> [Task directions]: Given the material below, output exactly the lines from the line with "Tris Speaker- Did" to the line with "Tris Speaker has", both ends included, and no other lines.

> [Records]:

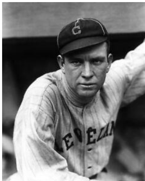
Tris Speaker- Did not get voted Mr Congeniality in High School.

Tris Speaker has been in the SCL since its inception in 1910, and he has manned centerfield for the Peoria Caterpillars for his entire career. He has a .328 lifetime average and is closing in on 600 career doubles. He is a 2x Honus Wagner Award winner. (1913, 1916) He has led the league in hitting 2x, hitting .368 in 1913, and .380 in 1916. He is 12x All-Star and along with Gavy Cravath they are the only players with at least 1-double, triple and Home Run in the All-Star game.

* * *

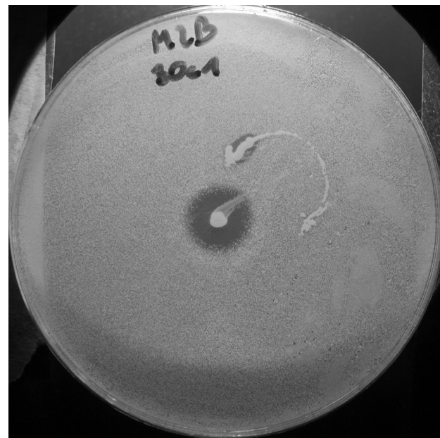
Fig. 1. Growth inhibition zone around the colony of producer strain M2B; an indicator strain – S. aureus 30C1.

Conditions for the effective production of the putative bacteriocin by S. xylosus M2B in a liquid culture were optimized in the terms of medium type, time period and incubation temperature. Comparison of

> [Reply to the task]:
Tris Speaker- Did not get voted Mr Congeniality in High School.

Tris Speaker has been in the SCL since its inception in 1910, and he has manned centerfield for the Peoria Caterpillars for his entire career. He has a .328 lifetime average and is closing in on 600 career doubles. He is a 2x Honus Wagner Award winner. (1913, 1916) He has led the league in hitting 2x, hitting .368 in 1913, and .380 in 1916. He is 12x All-Star and along with Gavy Cravath they are the only players with at least 1-double, triple and Home Run in the All-Star game.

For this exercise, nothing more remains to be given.